The judgment dismissing the complaint on the merits as against the defendant executors should be affirmed, with costs to said respondents. The judgment dismissing the complaint against the defendant Cahn should be reversed, with costs to appellant against said respondent, and judgment directed in favor of the plaintiff *217against the defendant Cahn adjudging that said defendant received and held the proceeds of the judgment impressed with a trust in favor of plaintiff to the extent of $2,000 and that plaintiff recover of said defendant the sum of $2,000, with interest from May 19, 1928, with costs.

Finch, P. J., Merrell, Townley and Glennon, JJ., concur.

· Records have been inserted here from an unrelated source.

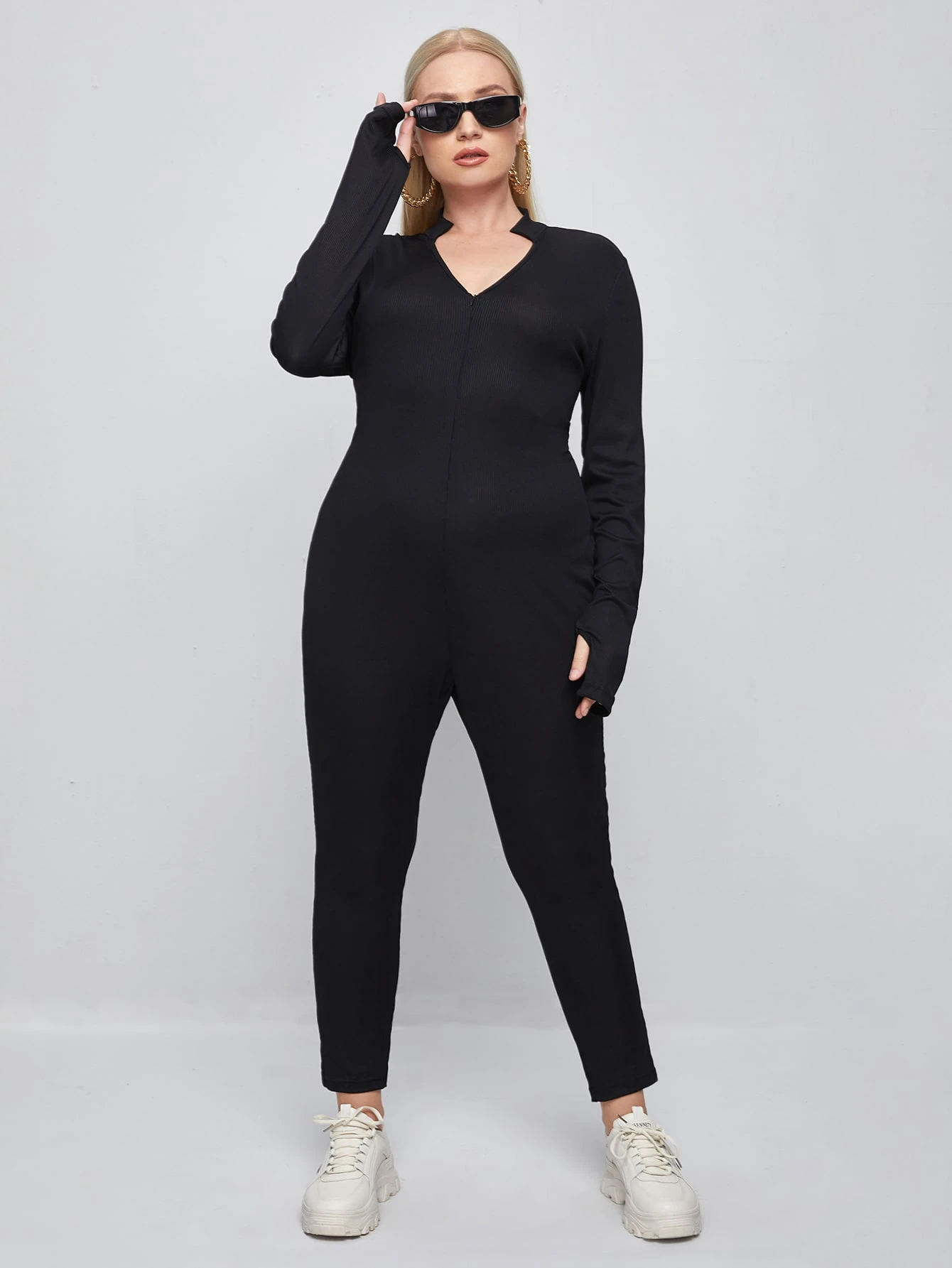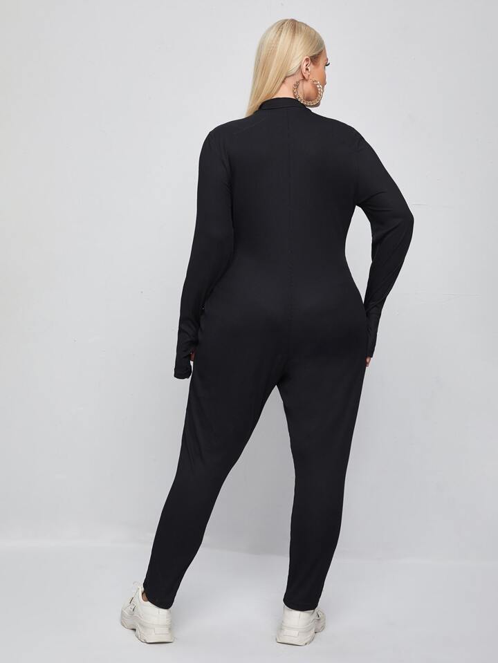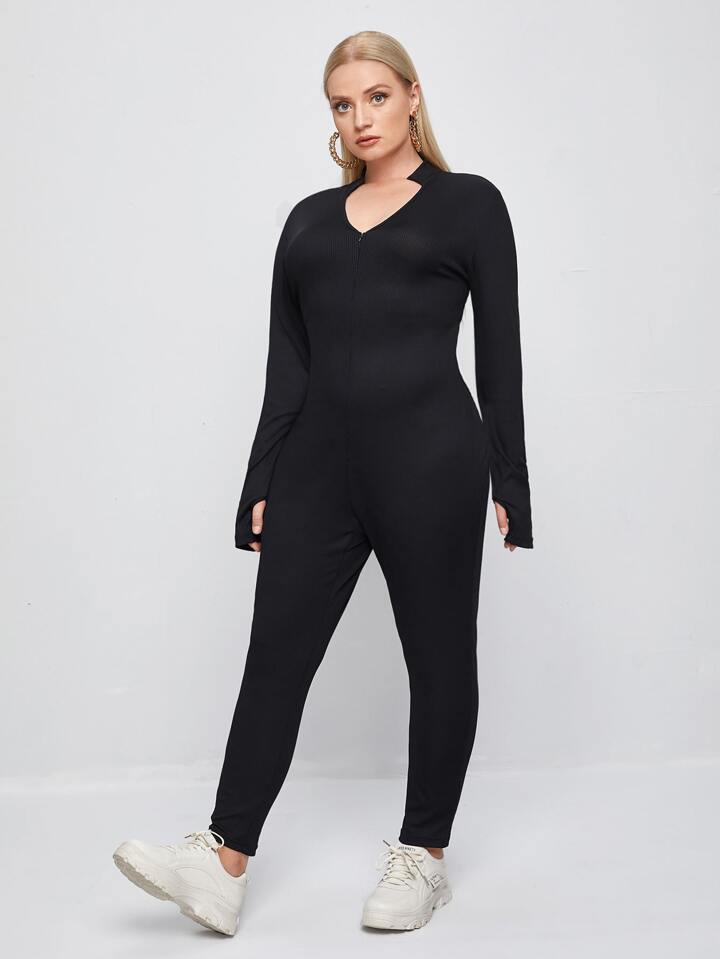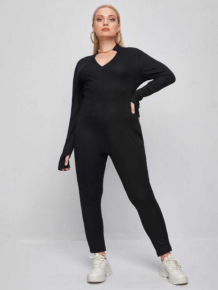 Plus Notched Neck Thumb Holes Unitard Jumpsuit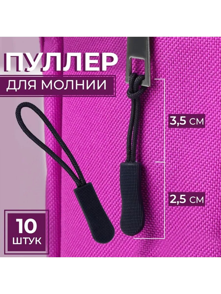 Пуллер для молнии, 2,4 см, 6 × 0,8 см, 10 шт, цвет чёрный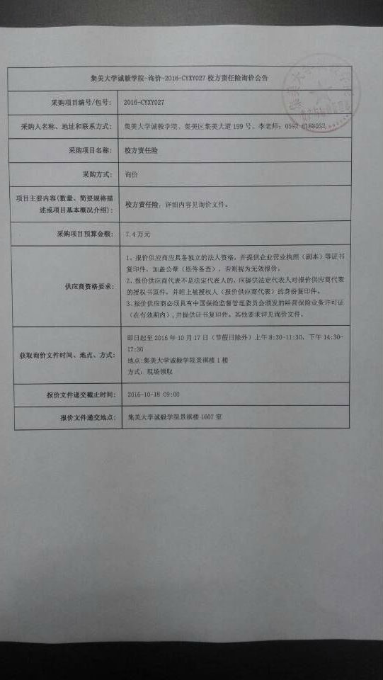 集美大学诚毅学院校方责任险询价公告(2016-cyxy027)
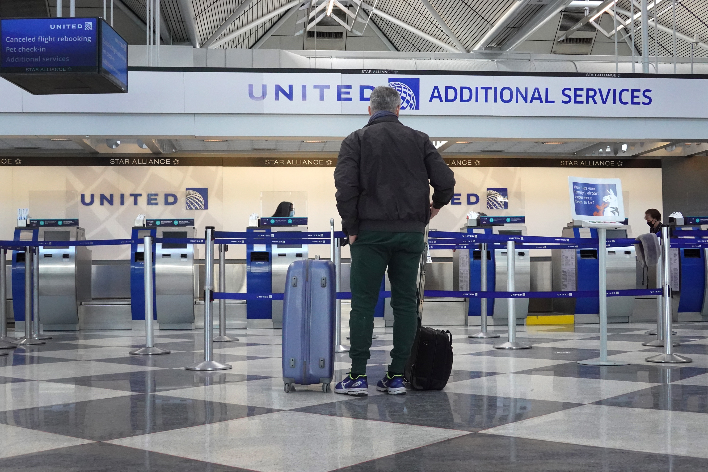 一名乘客在芝加哥奥黑尔国际机场于2月5日乘坐美国联合航空公司的航班抵达。

Judgment dismissing the complaint on the merits as against the defendant executors affirmed, with costs to said respondents. The judgment dismissing the complaint against the defendant Cahn reversed, with costs to the appellant against said respondent, and judgment directed in favor of the plaintiff against the defendant Cahn adjudging that said defendant received and held the proceeds of the judgment impressed with a trust in favor of plaintiff to the extent of $2,000 and that plaintiff recover of said defendant the sum of $2,000, with interest from May 19, 1928, with costs. Settle order on notice reversing findings inconsistent with this determination, and containing such new findings of fact proved upon the trial as are necessary to sustain the judgment hereby awarded.